Don’t turn the ball over.
Avoid stupid penalties.
Play your Game
These are more than cliches. They’re how teams win playoff game and exactly what the Los Angeles Rams must do to beat the Atlanta Falcons on Saturday.
There will always be the once-in-a-lifetime Tuck Rule or Music City Miracle, but in the fifty-two years on the road to the Super Bowl, these things are rare.
What’s not rare? In order to be the best every year, you have to play the best.
The regular season is about getting into the playoffs and seeding. For an incredible and remarkable season to continue after last year’s 4-12, back to L.A. debacle, winning means moving on to the divisional round. Lose and its one and done for the Rams.
The Rams are the 3rd seed in the NFC having won the NFC West and will host the 2016 NFC Champions and 2017 6th-seed Atlanta Falcons on Saturday in a primetime event this Saturday.
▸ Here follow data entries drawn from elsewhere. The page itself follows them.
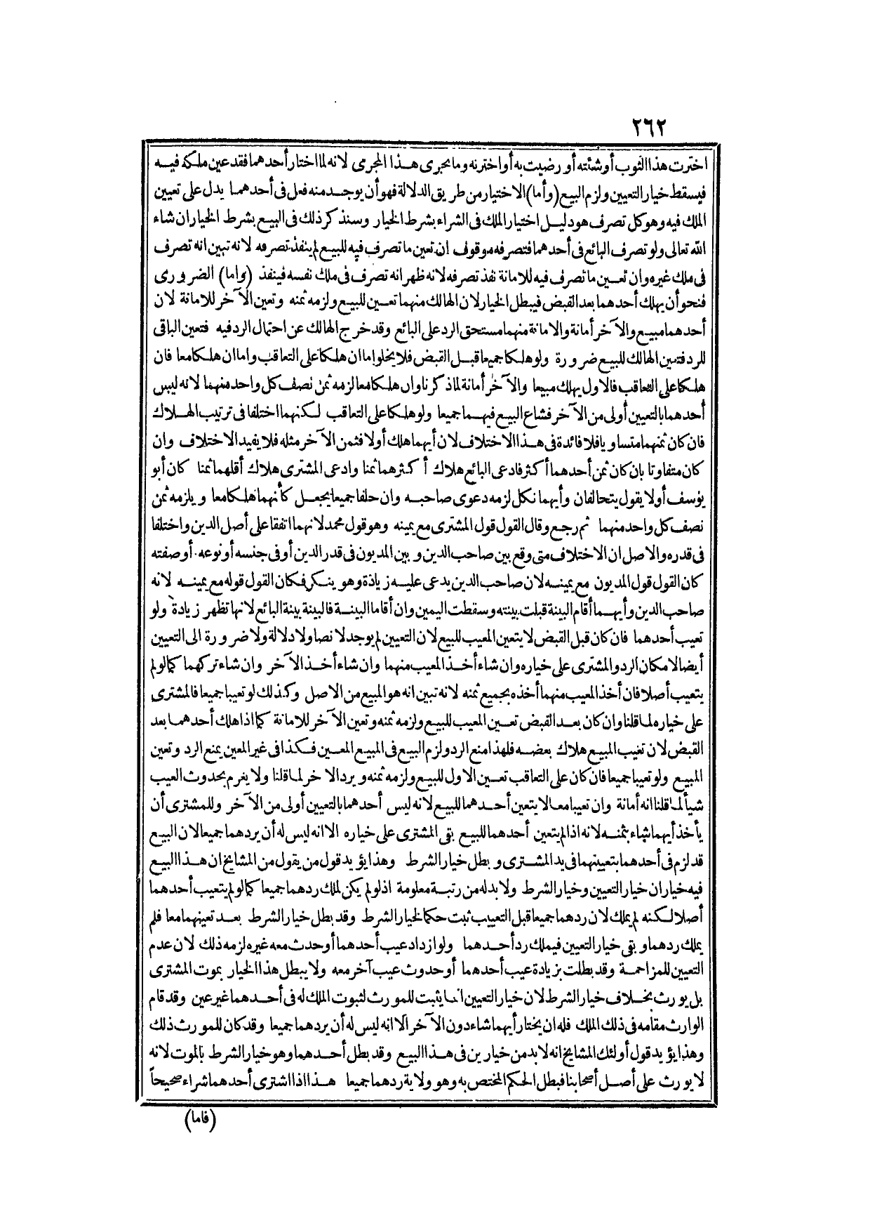 وَهَذَا يُؤَيِّدُ قَوْلَ مَنْ يَقُولُ مِنْ الْمَشَايِخِ: إنَّ هَذَا الْبَيْعَ فِيهِ خِيَارَانِ خِيَارُ التَّعْيِينِ وَخِيَارُ الشَّرْطِ وَلَا بُدَّ لَهُ مِنْ رُتْبَةٍ مَعْلُومَةٍ إذْ لَوْ لَمْ يَكُنْ لَمَلَكَ رَدَّهُمَا جَمِيعًا كَمَا لَوْ لَمْ يَتَعَيَّبْ أَحَدُهُمَا أَصْلًا لَكِنَّهُ لَمْ يَمْلِكْ؛ لِأَنَّ رَدَّهُمَا جَمِيعًا قَبْلَ التَّعْيِيبِ ثَبَتَ حُكْمًا لِخِيَارِ الشَّرْطِ وَقَدْ بَطَلَ خِيَارُ الشَّرْطِ بَعْدَ تَعَيُّنِهِمَا مَعًا فَلَمْ يَمْلِكْ رَدَّهُمَا وَبَقِيَ خِيَارُ التَّعْيِينِ فَيَمْلِكُ رَدَّ أَحَدِهِمَا، وَلَوْ ازْدَادَ عَيْبُ أَحَدِهِمَا أَوْ حَدَثَ مَعَهُ غَيْرُهُ لَزِمَهُ ذَلِكَ؛ لِأَنَّ عَدَمَ التَّعْيِينِ لِلْمُزَاحَمَةِ وَقَدْ بَطَلَتْ بِزِيَادَةِ عَيْبِ أَحَدِهِمَا أَوْ حُدُوثِ عَيْبٍ آخَرَ مَعَهُ، وَلَا يَبْطُلُ هَذَا الْخِيَارُ بِمَوْتِ الْمُشْتَرِي بَلْ يُورَثُ بِخِلَافِ خِيَارِ الشَّرْطِ؛ لِأَنَّ خِيَارَ التَّعْيِينِ إنَّمَا يَثْبُتُ لِلْمُوَرِّثِ لِثُبُوتِ الْمِلْكِ لَهُ فِي أَحَدِهِمَا غَيْرَ عَيْنٍ وَقَدْ قَامَ الْوَارِثُ مَقَامَهُ فِي ذَلِكَ الْمِلْكِ فَلَهُ أَنْ يَخْتَارَ أَيَّهُمَا شَاءَ دُونَ الْآخَرِ إلَّا أَنَّهُ لَيْسَ لَهُ أَنْ يَرُدَّهُمَا جَمِيعًا، وَقَدْ كَانَ لِلْمُوَرِّثِ ذَلِكَ، وَهَذَا يُؤَيِّدُ قَوْلَ أُولَئِكَ الْمَشَايِخِ أَنَّهُ لَا بُدَّ مِنْ خِيَارَيْنِ فِي هَذَا الْبَيْعِ، وَقَدْ بَطَلَ أَحَدُهُمَا " وَهُوَ خِيَارُ الشَّرْطِ " بِالْمَوْتِ؛ لِأَنَّهُ لَا يُورَثُ عَلَى أَصْلِ أَصْحَابِنَا فَبَطَلَ الْحُكْمُ الْمُخْتَصُّ بِهِ " وَهُوَ وِلَايَةُ رَدِّهِمَا جَمِيعًا " هَذَا إذَا اشْتَرَى أَحَدَهُمَا شِرَاءً صَحِيحًا.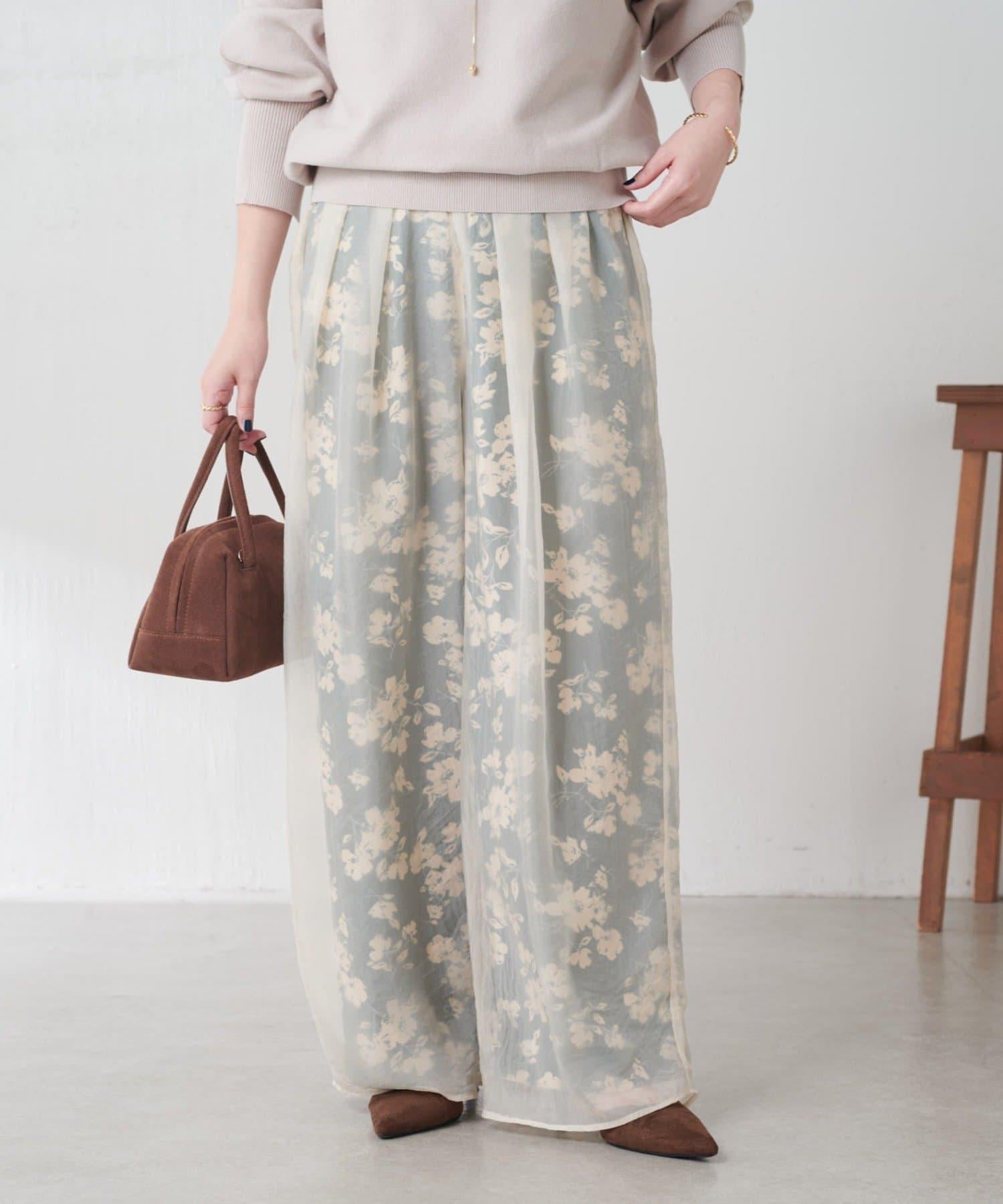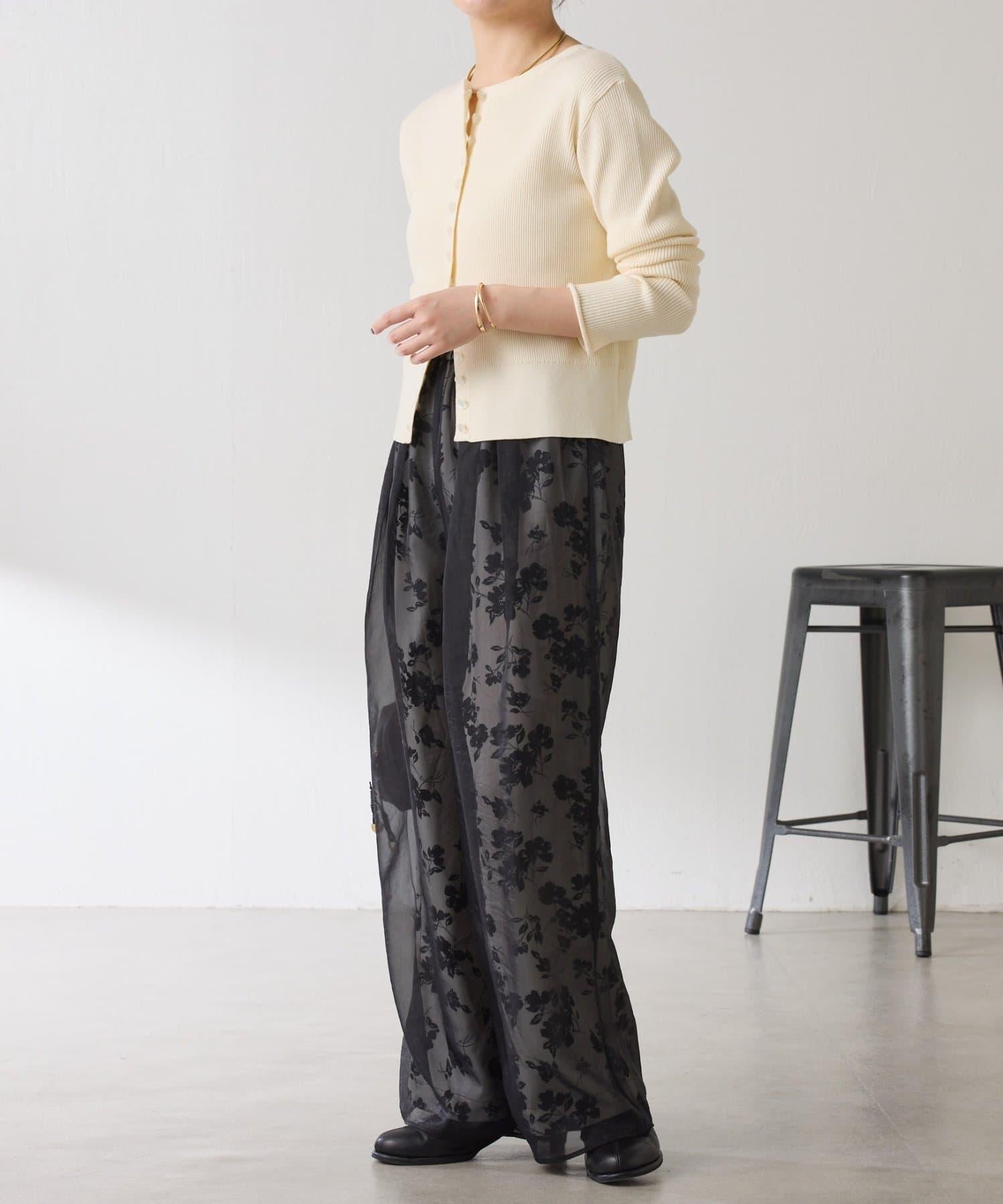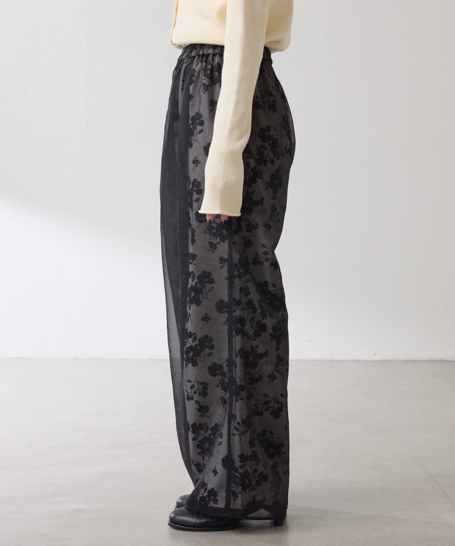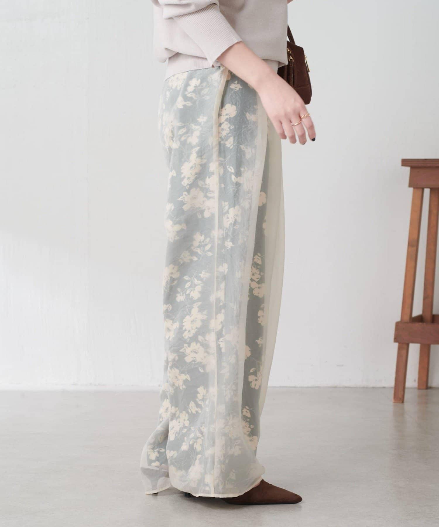 半寬鬆長褲,花朵圖案上有一層薄紗,即使在冬天也能享受薄紗的樂趣。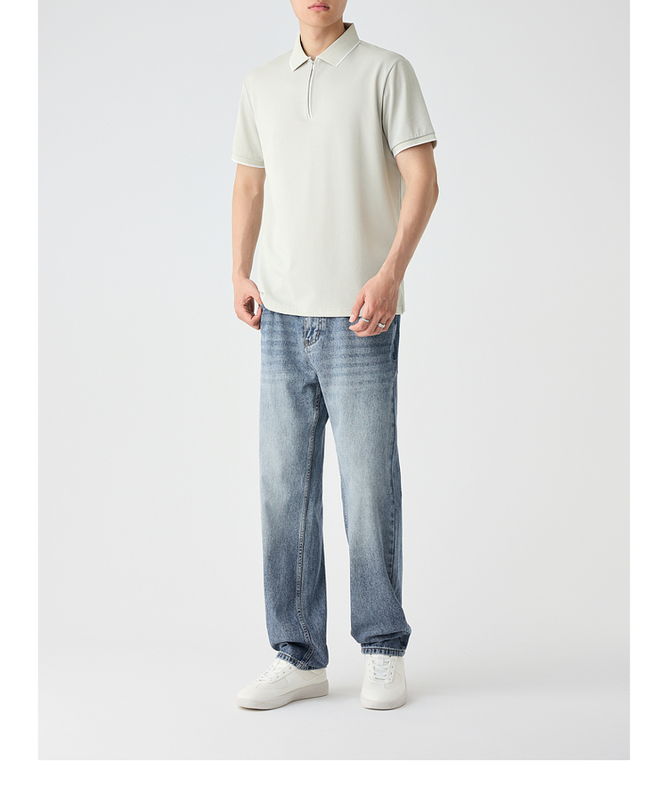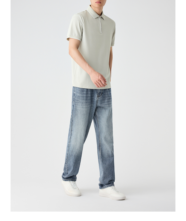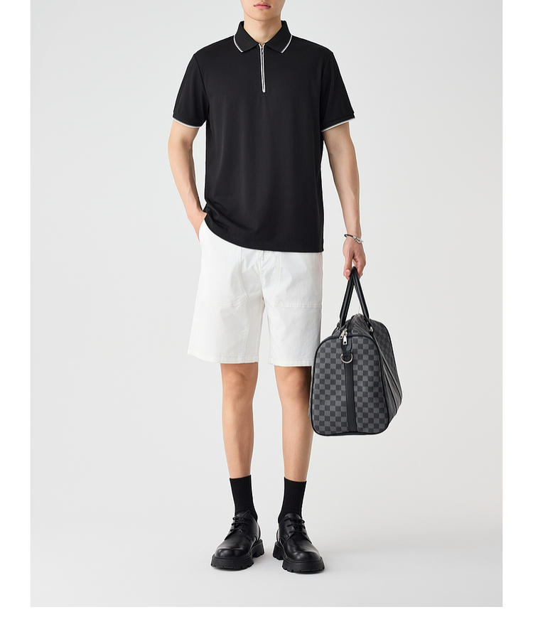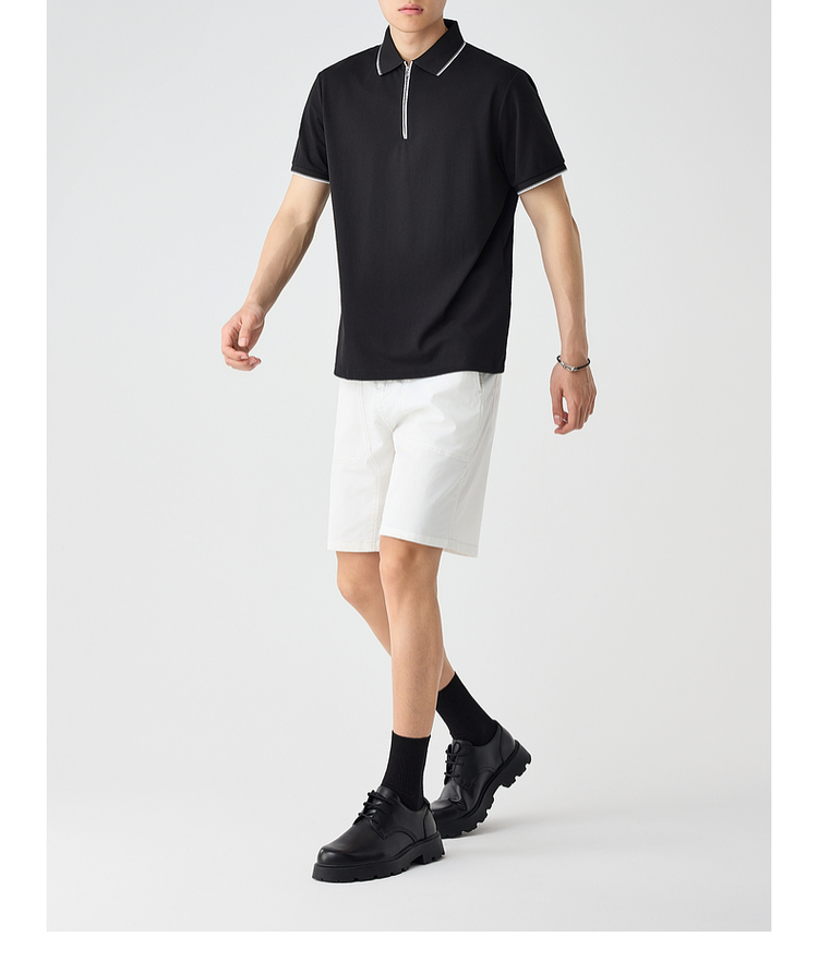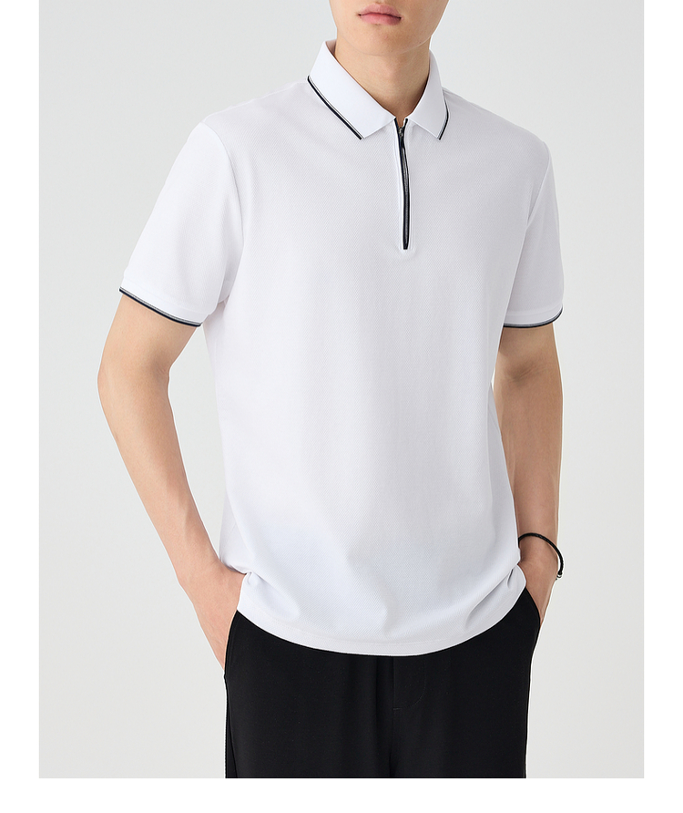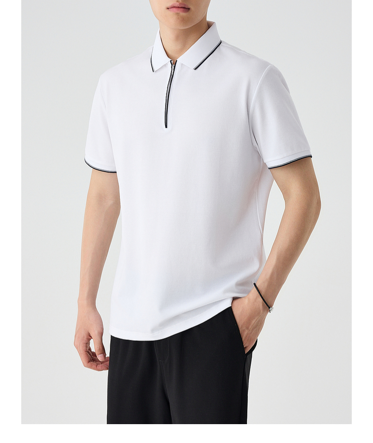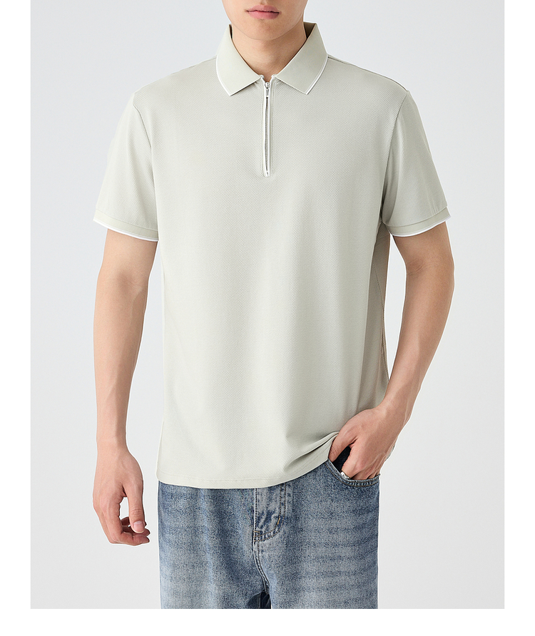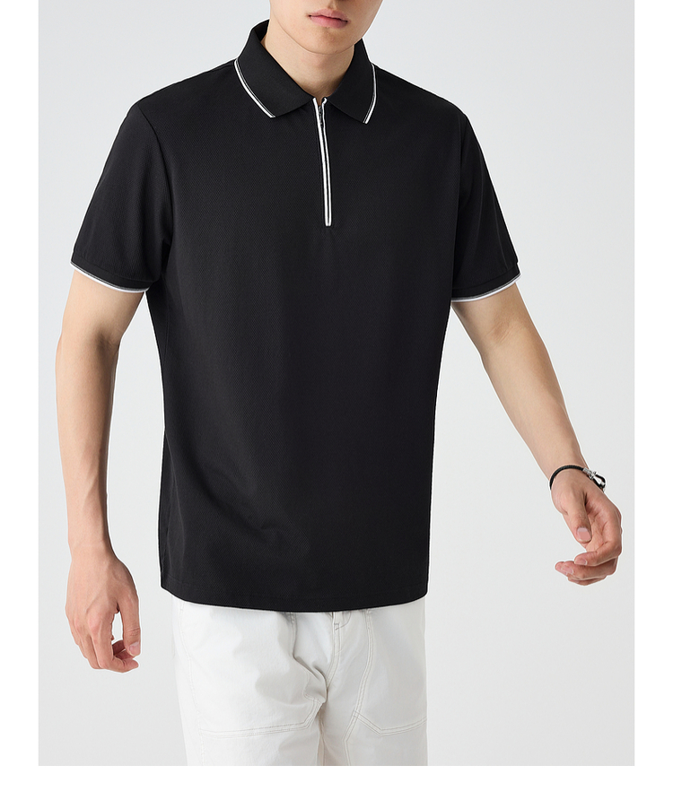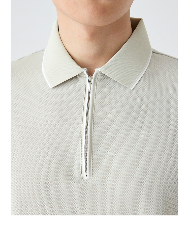 墨麦客菠萝纹肌理半开拉链男士凉感短袖polo衫2025夏季新款t恤男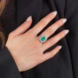 ANELLO A MARGHERITA CON SMERALDO E DIAMANTI
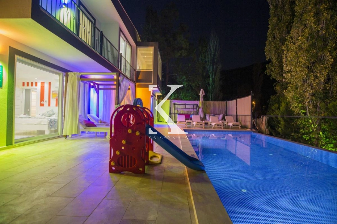 Villa Bella, Kalkan’ın doğal güzellikleriyle öne çıkan İslamlar Köyü’nde konumlanan, muhafazakâr konseptte tasarlanmış lüks bir tatil villasıdır. 3 yatak odalı ve 6 kişilik konaklama kapasitesi ile özellikle aileler ve arkadaş grupları için ideal bir tatil alternatifi sunmaktadır.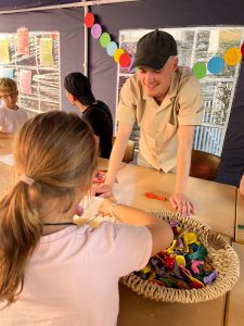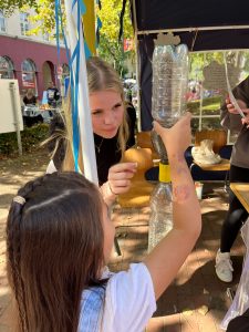 Beim diesjährigen Weltkindertag in Herford war auch das Elisabeth-von-der-Pfalz-Berufskolleg wieder mit einem kreativen Angebot vertreten. Die Mittelstufe der Erzieher*innenausbildung hatte das Thema „Unter Strom“ gewählt und dafür drei abwechslungsreiche Stationen vorbereitet: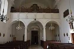 Über Fensteröffnungen verfügt der Kirchenraum nur im Süden, da im Norden die Klostergebäude angebaut sind. Ebenfalls im Süden schließt eine mit Stuckdekorationen versehene Seitenkapelle an das Langhaus an. Sie wurde in der zweiten Hälfte des 17. Jahrhunderts errichtet und trägt über ihrem Zugang das fürstliche Wappen der Esterházy; das Altarbild dieser Kapelle ist eine Nachbildung des Gnadenbildes von Tschenstochau.[6] An der nördlichen Innenwand der Kirche befindet sich im Chor das Oratorium der Familie Esterházy, unmittelbar darunter eine ehemals zur Sakristei führende Tür; im Langhaus sind zwei weitere Oratorien mit hölzernen Rokokogittern, die Rokoko-Kanzel sowie eine zum Kreuzgang führende Tür zu beachten.[4] Die dreiachsige Westempore mit gerader Brüstung ruht auf toskanischen Säulen;[7] die dort mittig aufgestellte Orgel stammt von 1760.[5] Ein weiteres erwähnenswertes Element der Kirche ist das Gestühl auf der Westempore von 1630.[5]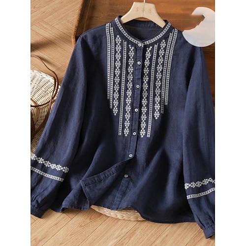 Per donna Blusa Tinta unica Elegante Casual Manica Lunga Collo alla coreana Top Regolari Quotidiano Ricamato Bianco Rosa Blu marino Arancione Primavera Autunno

The Rams have a mixed history in the playoffs in Los Angeles. It’s been 30 years since the Rams have won the division. Back in the 1960s and 70s, the NFC West looked very different with the New Orleans Saints, Falcons, San Francisco 49ers and for a short time Baltimore Colts. After the Colts left due to realignment, only two teams ever really had a viable chance for the playoffs—the Rams or Niners.
Back in those days when the Rams headed east no matter how good they were, the cold set in either Minnesota or Green Bay freezing the Rams out since they weren’t any domed stadiums, heated sideline benches, blowers or hot packs protecting the team from the winter conditions. Those games were brutal to watch. That’s one of the reasons the Los Angeles-located Rams have never beaten either Minnesota or Green Bay in the playoffs.
But in 1979, the Los Angeles Rams won a divisional playoff game on the road beating the Dallas Cowboys in the hole in the roof Texas Stadium on one of those miracle plays: a tipped ball to WR Billy Waddy. The Rams then kicked their way into the Super Bowl XIV by beating the Tampa Bay Buccaneers. They lost the Super Bowl XIV at the Rose Bowl to the Pittsburgh Steelers, but they put up a great fight as the underdog. Los Angeles Rams fans remember that playoff run for the gutsy performance of Hall of Fame DE Jack Youngblood, playing the entire playoffs and Super Bowl with a broken leg.
As Los Angeles Rams know, “Good can only get so far.”
What is called upon now is to be great.
There’s something different about this Los Angeles Rams team then those of the past. First and foremost, teams coached by George Allen, Chuck Knox and John Robinson were predictable—good, but objectively not quite good enough. One can blame those heartbreaking playoff losses in the cold weather to the suffered at the hands of the Minnesota Vikings, Green Bay Packers and Cowboys. But simply put, those Los Angeles Rams didn’t play well enough to win.
This year, the vibe I feel is entirely the different. This team can go all the way.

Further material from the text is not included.